6.1 ADVANCEMENT. Subject to Section 9 below, the Company
shall advance all expenses incurred by the Indemnitee in connection with the
investigation, defense, settlement or appeal of any proceeding to which the
Indemnitee is a party or is threatened to be made a party by reason of the
fact that the Indemnitee is or was an agent of the Company or by reason of
anything done or not done by him in any such capacity. The Indemnitee hereby
undertakes to repay such amounts advanced only if, and to the extent that, it
shall ultimately be determined that the Indemnitee is not entitled to be
indemnified by the Company under the provisions of this Agreement, the
Articles of Incorporation or Bylaws of the Company, the General Corporation
Law of California or otherwise. The advances to be made hereunder shall be
paid by the Company to the Indemnitee within thirty (30) days following
delivery of a written request therefor by the Indemnitee to the Company.
6.2 EXCEPTION. Notwithstanding the foregoing provisions of
this Section 6, the Company shall not be obligated to advance any expenses to
the Indemnitee to the extent such arise from a lawsuit filed directly by the
Company against the Indemnitee if an absolute majority of the members of the
Board of Directors reasonably determines in good faith, within thirty (30)
days of the Indemnitee's request to be advanced expenses, that the facts
known to them at the time such determination is made demonstrate clearly and
convincingly that the Indemnitee acted in bad faith. If such a determination
is made, the Indemnitee may have such decision reviewed by another forum, in
the manner set forth in Sections 8.3, 8.4 and 8.5 hereof, with all references
therein to "indemnification" being deemed to refer to "advancement of
expenses", and the burden of proof shall be on the Company to demonstrate
clearly and convincingly that, based on the facts known at the time, the
Indemnitee acted in bad faith. The Company may not avail itself of this
Section 6.2 as to a given lawsuit if, at any time after the occurrence of the
activities or omissions that are the primary focus of the lawsuit, the
Company has undergone a change in control. For this purpose a change in
control shall mean a given shareholder or group of affiliated shareholders
increasing their beneficial ownership interest in the Company by at least
twenty (20) percentage points without advance Board approval.

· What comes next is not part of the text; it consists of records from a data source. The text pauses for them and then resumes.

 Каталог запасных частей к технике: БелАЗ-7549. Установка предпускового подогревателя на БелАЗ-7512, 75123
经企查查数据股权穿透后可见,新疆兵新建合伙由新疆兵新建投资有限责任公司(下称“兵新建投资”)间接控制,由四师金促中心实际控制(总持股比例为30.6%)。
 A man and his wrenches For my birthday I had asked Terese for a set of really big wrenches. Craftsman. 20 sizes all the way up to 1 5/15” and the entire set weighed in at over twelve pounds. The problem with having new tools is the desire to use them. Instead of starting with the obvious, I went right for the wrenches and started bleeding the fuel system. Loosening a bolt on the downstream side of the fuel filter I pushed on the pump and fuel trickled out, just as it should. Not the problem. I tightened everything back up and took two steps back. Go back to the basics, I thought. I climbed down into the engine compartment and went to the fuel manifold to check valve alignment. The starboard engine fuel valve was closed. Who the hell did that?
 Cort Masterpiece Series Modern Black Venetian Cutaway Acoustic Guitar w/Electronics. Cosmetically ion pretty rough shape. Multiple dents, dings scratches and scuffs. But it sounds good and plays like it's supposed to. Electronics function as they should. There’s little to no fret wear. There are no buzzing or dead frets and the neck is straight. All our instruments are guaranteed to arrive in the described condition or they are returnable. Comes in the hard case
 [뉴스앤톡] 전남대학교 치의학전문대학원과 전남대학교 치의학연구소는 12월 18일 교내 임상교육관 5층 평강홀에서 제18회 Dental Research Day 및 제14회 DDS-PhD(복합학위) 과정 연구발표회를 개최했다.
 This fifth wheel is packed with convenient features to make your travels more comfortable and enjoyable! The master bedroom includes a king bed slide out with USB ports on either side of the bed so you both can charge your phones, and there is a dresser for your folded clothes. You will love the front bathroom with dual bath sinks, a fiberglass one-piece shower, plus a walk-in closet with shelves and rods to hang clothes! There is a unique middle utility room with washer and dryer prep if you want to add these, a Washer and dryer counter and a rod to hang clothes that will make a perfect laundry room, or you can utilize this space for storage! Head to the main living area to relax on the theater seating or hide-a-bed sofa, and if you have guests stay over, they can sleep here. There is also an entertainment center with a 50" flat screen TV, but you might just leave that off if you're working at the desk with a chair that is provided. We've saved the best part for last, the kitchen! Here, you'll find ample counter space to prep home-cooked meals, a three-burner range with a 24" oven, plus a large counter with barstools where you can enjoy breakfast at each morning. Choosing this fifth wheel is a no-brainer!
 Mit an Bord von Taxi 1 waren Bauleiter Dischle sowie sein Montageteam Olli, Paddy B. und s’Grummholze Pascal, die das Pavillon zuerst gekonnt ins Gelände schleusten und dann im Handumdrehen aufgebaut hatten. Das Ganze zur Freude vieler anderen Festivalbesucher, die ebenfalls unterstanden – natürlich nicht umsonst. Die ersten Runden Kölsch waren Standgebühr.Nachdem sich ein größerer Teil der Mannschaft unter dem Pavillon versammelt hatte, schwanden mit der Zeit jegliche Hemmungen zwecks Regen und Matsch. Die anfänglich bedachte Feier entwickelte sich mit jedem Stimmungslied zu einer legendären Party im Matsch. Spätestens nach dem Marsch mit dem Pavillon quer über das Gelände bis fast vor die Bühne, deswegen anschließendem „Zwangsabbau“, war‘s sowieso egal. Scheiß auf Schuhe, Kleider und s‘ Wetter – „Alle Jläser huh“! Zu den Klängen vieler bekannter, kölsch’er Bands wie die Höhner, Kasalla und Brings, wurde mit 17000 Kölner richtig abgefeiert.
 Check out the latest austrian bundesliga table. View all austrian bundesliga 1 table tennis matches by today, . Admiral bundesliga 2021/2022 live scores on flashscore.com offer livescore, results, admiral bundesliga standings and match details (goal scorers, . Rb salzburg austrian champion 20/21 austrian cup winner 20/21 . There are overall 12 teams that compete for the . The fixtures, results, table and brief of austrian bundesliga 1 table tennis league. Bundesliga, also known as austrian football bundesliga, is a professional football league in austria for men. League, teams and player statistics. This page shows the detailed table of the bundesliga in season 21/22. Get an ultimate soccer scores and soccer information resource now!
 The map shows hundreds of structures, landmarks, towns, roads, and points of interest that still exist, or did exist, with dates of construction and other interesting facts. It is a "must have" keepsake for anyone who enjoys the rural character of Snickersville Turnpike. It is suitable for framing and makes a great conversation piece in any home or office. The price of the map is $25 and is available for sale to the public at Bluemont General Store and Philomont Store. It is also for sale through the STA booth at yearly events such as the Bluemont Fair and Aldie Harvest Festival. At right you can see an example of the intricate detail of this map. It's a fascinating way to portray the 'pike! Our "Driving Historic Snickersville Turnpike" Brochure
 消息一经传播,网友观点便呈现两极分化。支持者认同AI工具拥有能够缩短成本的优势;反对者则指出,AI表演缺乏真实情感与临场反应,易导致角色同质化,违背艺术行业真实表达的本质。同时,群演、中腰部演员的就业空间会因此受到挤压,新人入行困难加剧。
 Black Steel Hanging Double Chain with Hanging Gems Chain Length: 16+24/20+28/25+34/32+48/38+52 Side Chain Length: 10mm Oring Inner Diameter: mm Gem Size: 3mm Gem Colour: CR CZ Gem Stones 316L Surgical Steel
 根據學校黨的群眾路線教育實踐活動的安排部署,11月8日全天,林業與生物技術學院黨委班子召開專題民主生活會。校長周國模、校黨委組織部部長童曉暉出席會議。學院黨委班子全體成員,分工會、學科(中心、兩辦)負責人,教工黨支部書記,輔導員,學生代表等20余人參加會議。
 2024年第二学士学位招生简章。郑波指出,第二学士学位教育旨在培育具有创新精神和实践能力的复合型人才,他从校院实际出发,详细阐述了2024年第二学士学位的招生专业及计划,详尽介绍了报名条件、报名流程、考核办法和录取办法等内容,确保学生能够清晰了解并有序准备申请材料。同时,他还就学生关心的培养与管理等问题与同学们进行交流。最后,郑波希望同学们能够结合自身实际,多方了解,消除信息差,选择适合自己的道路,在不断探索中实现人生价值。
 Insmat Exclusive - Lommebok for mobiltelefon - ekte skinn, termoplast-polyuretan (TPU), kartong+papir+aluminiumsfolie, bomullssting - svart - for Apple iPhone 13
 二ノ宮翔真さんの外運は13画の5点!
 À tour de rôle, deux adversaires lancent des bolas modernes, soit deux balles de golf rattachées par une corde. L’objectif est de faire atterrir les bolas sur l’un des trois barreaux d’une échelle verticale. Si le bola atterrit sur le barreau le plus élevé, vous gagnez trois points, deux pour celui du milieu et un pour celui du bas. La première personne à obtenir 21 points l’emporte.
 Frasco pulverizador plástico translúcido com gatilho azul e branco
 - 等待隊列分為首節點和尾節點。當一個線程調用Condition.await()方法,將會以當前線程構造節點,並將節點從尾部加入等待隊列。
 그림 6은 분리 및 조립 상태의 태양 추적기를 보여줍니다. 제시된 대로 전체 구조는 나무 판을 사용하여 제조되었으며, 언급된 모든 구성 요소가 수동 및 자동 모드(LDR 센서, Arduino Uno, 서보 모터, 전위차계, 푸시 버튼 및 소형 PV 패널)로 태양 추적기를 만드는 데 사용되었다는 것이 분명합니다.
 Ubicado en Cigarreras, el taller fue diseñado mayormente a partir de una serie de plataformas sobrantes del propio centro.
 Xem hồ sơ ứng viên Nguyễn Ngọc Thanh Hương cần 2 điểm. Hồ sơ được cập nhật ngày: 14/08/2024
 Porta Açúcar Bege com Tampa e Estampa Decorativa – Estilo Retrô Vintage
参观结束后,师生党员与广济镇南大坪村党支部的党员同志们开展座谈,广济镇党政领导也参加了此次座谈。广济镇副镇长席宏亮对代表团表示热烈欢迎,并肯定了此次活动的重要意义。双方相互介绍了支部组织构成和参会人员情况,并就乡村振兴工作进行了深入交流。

7. NOTICE AND OTHER INDEMNIFICATION PROCEDURES.
7.1 Promptly after receipt by the Indemnitee of notice of
the commencement of or the threat of commencement of any proceeding, the
Indemnitee shall, if the Indemnitee believes that indemnification with
respect thereto may be sought from the Company under this Agreement, notify
the Company of the commencement or threat of commencement thereof.
7.2 If, at the time of the receipt of a notice of the
commencement of a proceeding pursuant to Section 7.1 hereof, the Company has
D&O Insurance in effect, the Company shall give prompt notice of the
commencement of such proceeding to the insurers in accordance with the
procedures set forth in the respective policies. The Company shall thereafter
take all necessary or desirable action to cause such insurers to pay, on
behalf of the Indemnitee, all amounts payable as a result of such proceeding
in accordance with the terms of such policies.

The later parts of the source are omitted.